"Sinar...napa ga bilang? Bukumu yang anyar dah terbit itu. Tadi aku sama temen mampir toko buku, ehh...ternyata..." temanmu terus bercerita.
Sementara, kulihat kau hanya melirik di balik kaca mata beningmu. Tersenyum sedikit. Lalu kembali lagi matamu memeluk aksara dalam buku usang itu. Filsafat.
Aku tahu, sebenarnya kau lebih memilih ide para filsuf ketimbang mendengar hantaran cerita kawanmu yang terlahir bawel itu. Sesekali kau beri dia senyum. Sedikit. Lalu kembali lagi mengeja bukumu.
Aku lupa nama temanmu itu. Ingatanku pun sedikit. Meski begitu, kau tak pernah memedulikan hal remeh seperti itu.
Tapi, tunggu! Ingatanku yang hanya sedikit ini ternyata menyisakan beberapa kisah. Ya, mumpung aku ingat. Sebelum ingatan ini minggat dari ruang ingatanku.
"Sinar," begitu kau menyebut namamu. Tersenyum sedikit. Ya, senyummu selalu sedikit.
Hanya sekali seumur hidupku,aku melihat kau tertawa lepas saat bersama dengan seorang pria bertubuh tegap, potongan rambut satu sentimeter, dan berseragam dinas.

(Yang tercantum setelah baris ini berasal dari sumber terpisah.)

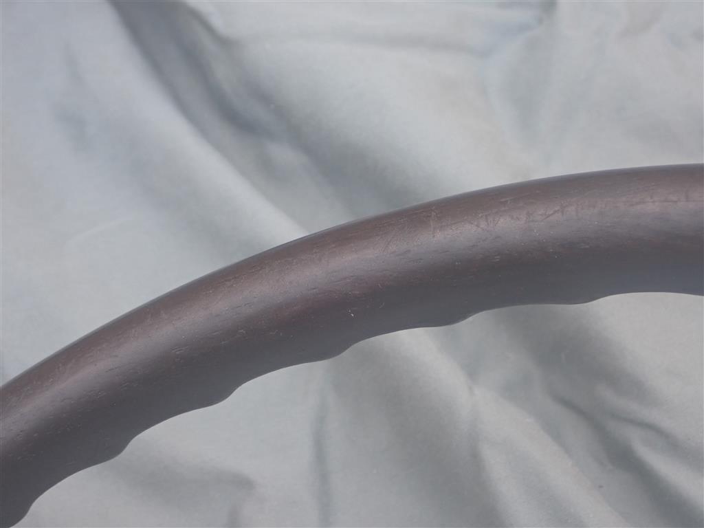 This wheel is certainly no virgin but neither are you. It is a nice survivor overall with obvious cracks at the 6 and 9 o clock positions as show. The rim is not bent or bowed. The wood color and grain is quite nice. This wheel would be right at home on a original car that has light wear throughout or I'm sure it could be taken to the next level in the right hands. $550 Jason |

Saat itu, aku yang memaksamu datang ke acara pernikahan kakakku. Aku melihatmu semakin akrab dengannya semenjak malam itu.
Sesaat aku merasa begitu bodoh. Marah? Tentu saja iya!! Tapi, aku tetap berusaha tegar walau hatiku ambyar.
Apakah itu kesalahanku? Atau inginnya semesta seperti itu? Mungkin. Entahlah.